#### [Required action]
Produce a verbatim transcript of the entries below, excluding pictures.

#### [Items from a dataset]

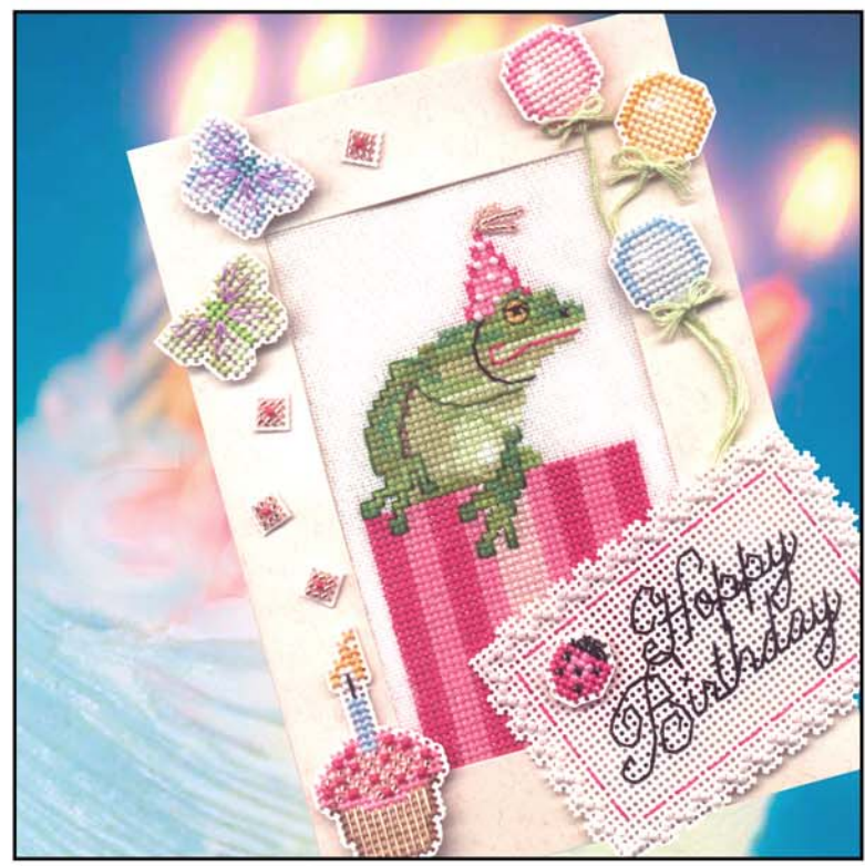
Copyright @ 2005 Brooke's Books Publishing

This design may be reproduced for newsletter or handout but may not be kitted or sold.
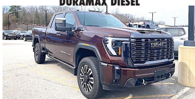
2024 K2500 DENALI ULTIMATE DURAMAX DIESEL

H.D. PRO SAFETY PKG., ADAPTIVE CRUISE, PLOW PREP.
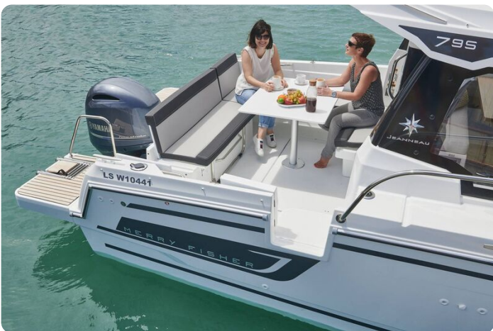
Jeanneau Merry Fisher 795 Series 2 - view into cockpit saloon through side gate
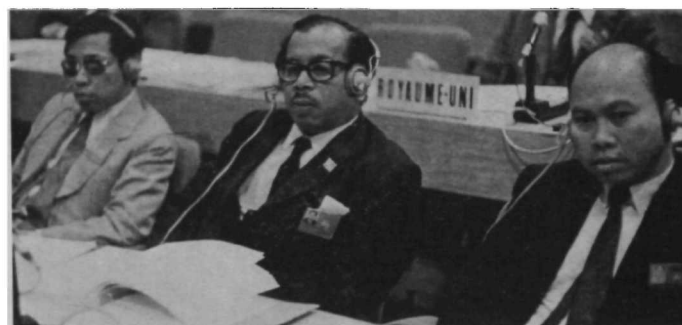
Malaysia, one of the newly elected Members of the Administrative Council
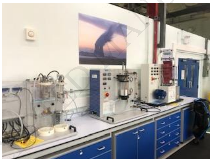
Figure 3 Laboratory layout and equipment at Greenwich
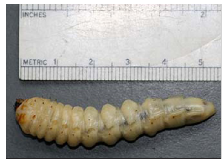
Broadnecked root borer larva

This very large beetle is common in New Hampshire and was recently (2009) documented attacking apple trees here. True to its name, it doesn't attack above ground. It feeds on the roots of many common trees and shrubs, including species of Prunus , Malus , Acer , Quercus and others.
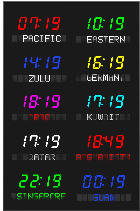
Model 6612AB - 2.5" time, 1.2" zone labels, 10 zones

Display: 10 zone, 5 digit user changeable multi-color bar segment LED time displays with 10 character dot matrix LED zone labels.
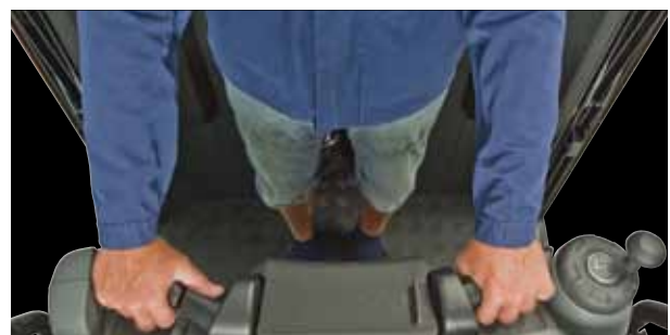
The multiple presence system ensures that the operator is safely in the cab before the truck can move
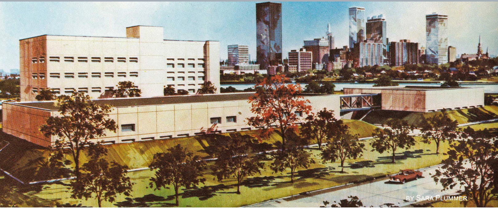
Original rendering from 1976 of the Oklahoma College of Osteopathic Medicine and Surgery that would later become OSU College of Osteopathic Medicine.

Fifty years ago, Oklahoma was dealing with a physician shortage so state leaders came together to create and pass Oklahoma Bill 461 that established the Oklahoma College of Osteopathic Medicine and Surgery in Tulsa, which later became the OSU College of Osteopathic Medicine.
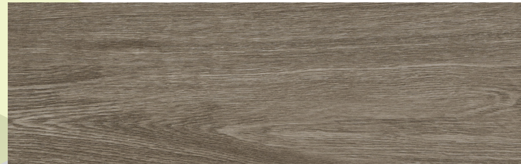
Baltic Oak Suede
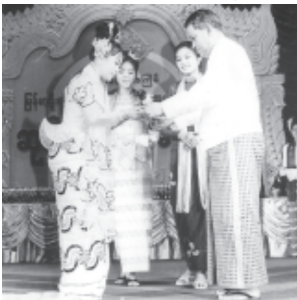
Minister for Education U Than Aung presents a prize to a winner at the 11th Myanmar Traditional Cultural Performing Arts Competitions.

#### [Task result]
Copyright @ 2005 Brooke's Books Publishing

This design may be reproduced for newsletter or handout but may not be kitted or sold.
2024 K2500 DENALI ULTIMATE DURAMAX DIESEL

H.D. PRO SAFETY PKG., ADAPTIVE CRUISE, PLOW PREP.
Jeanneau Merry Fisher 795 Series 2 - view into cockpit saloon through side gate
Malaysia, one of the newly elected Members of the Administrative Council
Figure 3 Laboratory layout and equipment at Greenwich
Broadnecked root borer larva

This very large beetle is common in New Hampshire and was recently (2009) documented attacking apple trees here. True to its name, it doesn't attack above ground. It feeds on the roots of many common trees and shrubs, including species of Prunus , Malus , Acer , Quercus and others.
Model 6612AB - 2.5" time, 1.2" zone labels, 10 zones

Display: 10 zone, 5 digit user changeable multi-color bar segment LED time displays with 10 character dot matrix LED zone labels.
The multiple presence system ensures that the operator is safely in the cab before the truck can move
Original rendering from 1976 of the Oklahoma College of Osteopathic Medicine and Surgery that would later become OSU College of Osteopathic Medicine.

Fifty years ago, Oklahoma was dealing with a physician shortage so state leaders came together to create and pass Oklahoma Bill 461 that established the Oklahoma College of Osteopathic Medicine and Surgery in Tulsa, which later became the OSU College of Osteopathic Medicine.
Baltic Oak Suede
Minister for Education U Than Aung presents a prize to a winner at the 11th Myanmar Traditional Cultural Performing Arts Competitions.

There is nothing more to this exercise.